- [INSTRUCTIONS TO FOLLOW]
Count all lines holding "xiàn" in the data below and say the number, nothing more.

- [SOURCE DATA]
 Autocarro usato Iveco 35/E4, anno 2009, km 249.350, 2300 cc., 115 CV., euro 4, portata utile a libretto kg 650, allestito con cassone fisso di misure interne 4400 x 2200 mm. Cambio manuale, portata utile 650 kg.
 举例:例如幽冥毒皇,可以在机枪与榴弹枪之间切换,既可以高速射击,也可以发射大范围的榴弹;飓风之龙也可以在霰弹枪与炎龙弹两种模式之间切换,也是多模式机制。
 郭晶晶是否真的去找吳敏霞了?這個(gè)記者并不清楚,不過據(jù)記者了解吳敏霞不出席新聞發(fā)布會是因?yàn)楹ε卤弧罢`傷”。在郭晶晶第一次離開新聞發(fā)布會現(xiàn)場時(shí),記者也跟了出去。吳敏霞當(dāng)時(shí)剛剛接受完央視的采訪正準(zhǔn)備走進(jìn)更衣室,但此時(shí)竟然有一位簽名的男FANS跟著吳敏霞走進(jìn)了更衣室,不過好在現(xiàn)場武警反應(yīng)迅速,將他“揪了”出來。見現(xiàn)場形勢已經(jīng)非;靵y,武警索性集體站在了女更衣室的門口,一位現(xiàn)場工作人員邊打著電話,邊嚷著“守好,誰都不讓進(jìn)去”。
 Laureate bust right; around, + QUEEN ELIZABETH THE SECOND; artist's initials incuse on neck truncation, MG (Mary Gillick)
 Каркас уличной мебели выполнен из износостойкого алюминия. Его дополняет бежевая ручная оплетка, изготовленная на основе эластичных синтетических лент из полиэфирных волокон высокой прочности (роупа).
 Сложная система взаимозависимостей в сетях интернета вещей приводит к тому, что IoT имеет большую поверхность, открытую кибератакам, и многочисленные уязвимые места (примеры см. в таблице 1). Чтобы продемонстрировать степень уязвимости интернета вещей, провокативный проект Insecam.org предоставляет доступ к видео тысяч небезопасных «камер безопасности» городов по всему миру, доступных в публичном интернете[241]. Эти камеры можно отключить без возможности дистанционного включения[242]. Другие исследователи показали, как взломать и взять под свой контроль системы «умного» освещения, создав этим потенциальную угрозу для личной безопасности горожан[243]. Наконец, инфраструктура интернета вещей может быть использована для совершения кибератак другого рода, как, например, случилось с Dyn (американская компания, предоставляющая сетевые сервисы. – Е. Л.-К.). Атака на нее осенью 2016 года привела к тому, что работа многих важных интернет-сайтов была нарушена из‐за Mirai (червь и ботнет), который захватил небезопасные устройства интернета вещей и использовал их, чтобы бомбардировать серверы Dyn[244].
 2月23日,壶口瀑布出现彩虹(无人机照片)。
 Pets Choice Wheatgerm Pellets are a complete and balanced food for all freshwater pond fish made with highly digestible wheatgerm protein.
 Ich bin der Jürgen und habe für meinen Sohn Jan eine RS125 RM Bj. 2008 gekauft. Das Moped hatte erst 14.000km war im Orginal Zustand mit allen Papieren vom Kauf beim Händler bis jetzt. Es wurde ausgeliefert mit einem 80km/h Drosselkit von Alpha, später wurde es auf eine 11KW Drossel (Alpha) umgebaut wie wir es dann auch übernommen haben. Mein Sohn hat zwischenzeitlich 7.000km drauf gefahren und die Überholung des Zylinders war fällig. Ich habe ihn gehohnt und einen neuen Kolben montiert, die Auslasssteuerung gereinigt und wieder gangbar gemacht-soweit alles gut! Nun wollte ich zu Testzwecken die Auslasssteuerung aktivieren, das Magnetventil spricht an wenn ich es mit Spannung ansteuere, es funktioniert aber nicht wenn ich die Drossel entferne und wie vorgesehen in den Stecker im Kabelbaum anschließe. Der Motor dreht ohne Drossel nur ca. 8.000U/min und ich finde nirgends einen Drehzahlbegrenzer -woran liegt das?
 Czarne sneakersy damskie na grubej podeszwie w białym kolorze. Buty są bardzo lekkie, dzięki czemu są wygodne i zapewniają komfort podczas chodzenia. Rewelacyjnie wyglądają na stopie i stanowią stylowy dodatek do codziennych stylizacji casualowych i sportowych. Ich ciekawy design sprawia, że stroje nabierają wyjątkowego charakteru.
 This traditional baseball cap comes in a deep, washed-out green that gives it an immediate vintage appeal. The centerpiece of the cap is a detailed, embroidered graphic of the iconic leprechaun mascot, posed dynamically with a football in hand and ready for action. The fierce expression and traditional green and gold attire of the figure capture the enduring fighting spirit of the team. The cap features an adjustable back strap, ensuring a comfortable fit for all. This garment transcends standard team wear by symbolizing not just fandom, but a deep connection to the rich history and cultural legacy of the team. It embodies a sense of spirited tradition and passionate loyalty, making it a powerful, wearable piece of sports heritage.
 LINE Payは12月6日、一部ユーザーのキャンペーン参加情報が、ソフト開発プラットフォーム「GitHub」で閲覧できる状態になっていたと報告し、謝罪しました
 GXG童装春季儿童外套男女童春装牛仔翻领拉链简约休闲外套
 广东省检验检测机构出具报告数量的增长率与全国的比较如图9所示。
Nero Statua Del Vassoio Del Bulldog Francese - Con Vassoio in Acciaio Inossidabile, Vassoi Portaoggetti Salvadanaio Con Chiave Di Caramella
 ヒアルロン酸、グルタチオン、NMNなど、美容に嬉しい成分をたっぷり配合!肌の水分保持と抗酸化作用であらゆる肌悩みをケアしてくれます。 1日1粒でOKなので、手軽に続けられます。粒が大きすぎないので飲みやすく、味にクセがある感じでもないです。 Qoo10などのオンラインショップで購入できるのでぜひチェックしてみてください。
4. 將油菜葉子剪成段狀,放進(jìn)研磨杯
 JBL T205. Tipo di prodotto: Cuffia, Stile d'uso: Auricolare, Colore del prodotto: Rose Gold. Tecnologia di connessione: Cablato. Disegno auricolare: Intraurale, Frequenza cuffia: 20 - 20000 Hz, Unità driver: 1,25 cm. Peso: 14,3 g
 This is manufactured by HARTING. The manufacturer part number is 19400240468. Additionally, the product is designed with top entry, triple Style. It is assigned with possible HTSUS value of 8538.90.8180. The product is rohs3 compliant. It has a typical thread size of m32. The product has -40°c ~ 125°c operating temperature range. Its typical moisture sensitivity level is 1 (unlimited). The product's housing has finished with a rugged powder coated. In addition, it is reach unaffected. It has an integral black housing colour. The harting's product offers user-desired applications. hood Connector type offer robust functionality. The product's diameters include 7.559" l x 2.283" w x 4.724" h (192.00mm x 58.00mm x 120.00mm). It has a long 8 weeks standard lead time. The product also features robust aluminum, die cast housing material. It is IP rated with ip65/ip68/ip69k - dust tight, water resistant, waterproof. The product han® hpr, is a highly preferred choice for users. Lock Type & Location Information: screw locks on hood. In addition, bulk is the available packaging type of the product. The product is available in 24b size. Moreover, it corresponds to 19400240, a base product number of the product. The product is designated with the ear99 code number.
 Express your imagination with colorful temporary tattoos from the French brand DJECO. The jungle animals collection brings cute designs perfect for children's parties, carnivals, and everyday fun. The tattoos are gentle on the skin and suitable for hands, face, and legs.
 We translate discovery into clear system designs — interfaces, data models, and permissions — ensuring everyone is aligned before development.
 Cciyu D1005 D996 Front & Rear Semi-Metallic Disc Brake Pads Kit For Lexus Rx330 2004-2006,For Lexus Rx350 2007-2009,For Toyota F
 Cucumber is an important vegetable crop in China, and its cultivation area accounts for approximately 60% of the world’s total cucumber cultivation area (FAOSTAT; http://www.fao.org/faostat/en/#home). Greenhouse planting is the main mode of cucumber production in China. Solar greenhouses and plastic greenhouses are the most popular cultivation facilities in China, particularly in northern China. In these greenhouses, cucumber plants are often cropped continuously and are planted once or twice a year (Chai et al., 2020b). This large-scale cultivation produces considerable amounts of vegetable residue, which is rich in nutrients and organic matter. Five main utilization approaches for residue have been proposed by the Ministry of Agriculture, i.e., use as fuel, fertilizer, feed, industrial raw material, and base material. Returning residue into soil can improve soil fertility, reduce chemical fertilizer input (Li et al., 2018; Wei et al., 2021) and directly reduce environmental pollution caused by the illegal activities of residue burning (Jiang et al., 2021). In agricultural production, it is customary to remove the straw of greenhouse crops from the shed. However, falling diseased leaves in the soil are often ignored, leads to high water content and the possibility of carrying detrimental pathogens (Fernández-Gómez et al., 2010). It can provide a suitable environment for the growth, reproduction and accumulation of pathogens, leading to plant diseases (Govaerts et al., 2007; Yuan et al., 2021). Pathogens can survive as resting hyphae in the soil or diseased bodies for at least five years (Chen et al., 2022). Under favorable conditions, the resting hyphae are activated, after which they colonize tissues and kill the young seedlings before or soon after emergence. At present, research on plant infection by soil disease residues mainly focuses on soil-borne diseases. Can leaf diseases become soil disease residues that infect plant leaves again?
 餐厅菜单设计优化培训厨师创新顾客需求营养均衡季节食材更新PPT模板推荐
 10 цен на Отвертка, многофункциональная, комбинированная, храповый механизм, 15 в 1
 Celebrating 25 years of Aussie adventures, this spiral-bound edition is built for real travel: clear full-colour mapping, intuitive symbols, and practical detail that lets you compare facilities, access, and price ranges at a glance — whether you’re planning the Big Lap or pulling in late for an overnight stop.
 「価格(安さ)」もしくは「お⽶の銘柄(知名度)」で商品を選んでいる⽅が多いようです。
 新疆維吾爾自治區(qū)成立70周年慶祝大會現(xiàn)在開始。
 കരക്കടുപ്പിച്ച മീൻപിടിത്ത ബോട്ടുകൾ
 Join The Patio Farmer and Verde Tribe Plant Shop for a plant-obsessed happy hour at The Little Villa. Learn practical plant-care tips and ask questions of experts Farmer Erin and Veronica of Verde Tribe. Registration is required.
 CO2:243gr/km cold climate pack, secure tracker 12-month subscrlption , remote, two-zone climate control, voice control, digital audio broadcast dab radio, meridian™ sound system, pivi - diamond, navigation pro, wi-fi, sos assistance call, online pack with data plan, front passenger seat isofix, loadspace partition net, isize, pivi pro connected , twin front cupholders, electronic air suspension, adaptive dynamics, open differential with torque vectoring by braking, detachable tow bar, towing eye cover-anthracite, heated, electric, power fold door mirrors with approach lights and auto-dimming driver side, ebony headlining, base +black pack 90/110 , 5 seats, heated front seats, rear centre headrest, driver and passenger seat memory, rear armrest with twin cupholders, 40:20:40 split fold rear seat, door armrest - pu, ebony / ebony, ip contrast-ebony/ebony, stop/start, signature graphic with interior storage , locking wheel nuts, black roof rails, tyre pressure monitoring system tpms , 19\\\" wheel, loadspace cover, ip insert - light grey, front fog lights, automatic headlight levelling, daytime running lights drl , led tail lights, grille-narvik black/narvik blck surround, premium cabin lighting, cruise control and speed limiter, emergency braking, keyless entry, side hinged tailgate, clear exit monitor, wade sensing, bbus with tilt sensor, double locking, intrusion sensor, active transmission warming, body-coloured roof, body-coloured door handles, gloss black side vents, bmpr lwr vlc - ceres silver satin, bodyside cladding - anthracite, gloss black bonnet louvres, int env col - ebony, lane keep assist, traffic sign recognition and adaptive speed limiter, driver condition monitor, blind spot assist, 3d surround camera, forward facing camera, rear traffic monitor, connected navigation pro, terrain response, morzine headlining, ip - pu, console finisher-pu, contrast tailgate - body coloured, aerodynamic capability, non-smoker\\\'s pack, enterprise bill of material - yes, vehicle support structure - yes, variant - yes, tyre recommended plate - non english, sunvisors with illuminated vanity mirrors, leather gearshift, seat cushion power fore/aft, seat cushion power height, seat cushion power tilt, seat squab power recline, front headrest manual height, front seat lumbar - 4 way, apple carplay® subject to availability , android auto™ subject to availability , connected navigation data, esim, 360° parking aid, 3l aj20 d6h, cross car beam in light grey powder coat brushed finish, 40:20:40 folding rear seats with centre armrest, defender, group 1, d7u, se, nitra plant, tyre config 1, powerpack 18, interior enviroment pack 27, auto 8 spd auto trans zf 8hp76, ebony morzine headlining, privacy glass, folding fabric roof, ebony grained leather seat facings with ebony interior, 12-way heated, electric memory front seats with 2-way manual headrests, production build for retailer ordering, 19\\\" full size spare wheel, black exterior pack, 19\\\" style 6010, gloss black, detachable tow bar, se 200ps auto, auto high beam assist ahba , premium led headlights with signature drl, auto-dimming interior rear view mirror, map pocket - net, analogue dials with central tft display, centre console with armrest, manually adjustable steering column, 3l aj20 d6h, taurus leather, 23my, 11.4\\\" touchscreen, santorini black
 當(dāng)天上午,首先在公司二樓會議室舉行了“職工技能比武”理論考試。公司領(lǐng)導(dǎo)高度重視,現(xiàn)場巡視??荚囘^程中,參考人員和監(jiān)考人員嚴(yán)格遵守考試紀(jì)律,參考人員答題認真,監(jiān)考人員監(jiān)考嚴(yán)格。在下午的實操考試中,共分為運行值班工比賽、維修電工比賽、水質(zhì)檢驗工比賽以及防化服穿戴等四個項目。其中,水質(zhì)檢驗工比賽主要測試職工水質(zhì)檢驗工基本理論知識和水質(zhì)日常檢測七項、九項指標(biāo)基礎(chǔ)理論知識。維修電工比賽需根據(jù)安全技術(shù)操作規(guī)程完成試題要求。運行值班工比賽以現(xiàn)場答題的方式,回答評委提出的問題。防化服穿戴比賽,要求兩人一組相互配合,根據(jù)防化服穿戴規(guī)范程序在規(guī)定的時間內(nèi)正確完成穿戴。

- [YOUR RESPONSE]
3